------ Exercise input

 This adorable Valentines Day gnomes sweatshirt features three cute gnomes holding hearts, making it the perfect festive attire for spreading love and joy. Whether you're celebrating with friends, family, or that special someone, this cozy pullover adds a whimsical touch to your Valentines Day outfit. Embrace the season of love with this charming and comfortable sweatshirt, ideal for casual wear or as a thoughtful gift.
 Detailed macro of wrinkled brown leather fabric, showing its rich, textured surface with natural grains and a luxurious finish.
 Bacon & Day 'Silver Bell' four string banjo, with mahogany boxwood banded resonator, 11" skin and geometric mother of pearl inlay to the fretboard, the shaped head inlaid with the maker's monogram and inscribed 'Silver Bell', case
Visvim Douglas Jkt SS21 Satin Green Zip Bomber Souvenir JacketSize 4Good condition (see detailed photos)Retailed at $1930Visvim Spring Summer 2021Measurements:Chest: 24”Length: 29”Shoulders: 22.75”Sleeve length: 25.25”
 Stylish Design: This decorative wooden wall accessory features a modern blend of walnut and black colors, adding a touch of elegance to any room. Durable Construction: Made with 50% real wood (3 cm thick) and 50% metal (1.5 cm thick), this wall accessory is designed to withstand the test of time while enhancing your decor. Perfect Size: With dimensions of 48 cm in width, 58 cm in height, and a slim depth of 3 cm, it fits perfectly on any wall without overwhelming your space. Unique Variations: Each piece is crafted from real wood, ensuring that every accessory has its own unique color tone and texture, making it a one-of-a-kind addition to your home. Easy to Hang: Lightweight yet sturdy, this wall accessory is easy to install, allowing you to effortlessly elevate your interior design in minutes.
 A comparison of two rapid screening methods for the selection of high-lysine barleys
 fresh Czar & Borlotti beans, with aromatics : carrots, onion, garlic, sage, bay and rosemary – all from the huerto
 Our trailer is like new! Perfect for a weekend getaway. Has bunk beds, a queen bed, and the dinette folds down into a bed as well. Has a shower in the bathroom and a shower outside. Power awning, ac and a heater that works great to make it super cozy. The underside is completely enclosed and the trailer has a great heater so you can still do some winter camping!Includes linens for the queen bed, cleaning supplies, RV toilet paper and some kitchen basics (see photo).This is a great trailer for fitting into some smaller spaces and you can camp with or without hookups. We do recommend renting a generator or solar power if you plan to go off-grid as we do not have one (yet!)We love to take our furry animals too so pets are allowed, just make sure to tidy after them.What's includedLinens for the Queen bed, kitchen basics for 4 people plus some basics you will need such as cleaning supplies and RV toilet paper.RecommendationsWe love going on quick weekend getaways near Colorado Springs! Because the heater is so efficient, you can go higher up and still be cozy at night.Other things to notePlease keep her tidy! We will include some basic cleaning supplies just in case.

------------

Give back the entries above exactly as they are, from their first line through the line that contains "Stylish Design: This", both included, with nothing else.

**Completed task**
 This adorable Valentines Day gnomes sweatshirt features three cute gnomes holding hearts, making it the perfect festive attire for spreading love and joy. Whether you're celebrating with friends, family, or that special someone, this cozy pullover adds a whimsical touch to your Valentines Day outfit. Embrace the season of love with this charming and comfortable sweatshirt, ideal for casual wear or as a thoughtful gift.
 Detailed macro of wrinkled brown leather fabric, showing its rich, textured surface with natural grains and a luxurious finish.
 Bacon & Day 'Silver Bell' four string banjo, with mahogany boxwood banded resonator, 11" skin and geometric mother of pearl inlay to the fretboard, the shaped head inlaid with the maker's monogram and inscribed 'Silver Bell', case
Visvim Douglas Jkt SS21 Satin Green Zip Bomber Souvenir JacketSize 4Good condition (see detailed photos)Retailed at $1930Visvim Spring Summer 2021Measurements:Chest: 24”Length: 29”Shoulders: 22.75”Sleeve length: 25.25”
 Stylish Design: This decorative wooden wall accessory features a modern blend of walnut and black colors, adding a touch of elegance to any room. Durable Construction: Made with 50% real wood (3 cm thick) and 50% metal (1.5 cm thick), this wall accessory is designed to withstand the test of time while enhancing your decor. Perfect Size: With dimensions of 48 cm in width, 58 cm in height, and a slim depth of 3 cm, it fits perfectly on any wall without overwhelming your space. Unique Variations: Each piece is crafted from real wood, ensuring that every accessory has its own unique color tone and texture, making it a one-of-a-kind addition to your home. Easy to Hang: Lightweight yet sturdy, this wall accessory is easy to install, allowing you to effortlessly elevate your interior design in minutes.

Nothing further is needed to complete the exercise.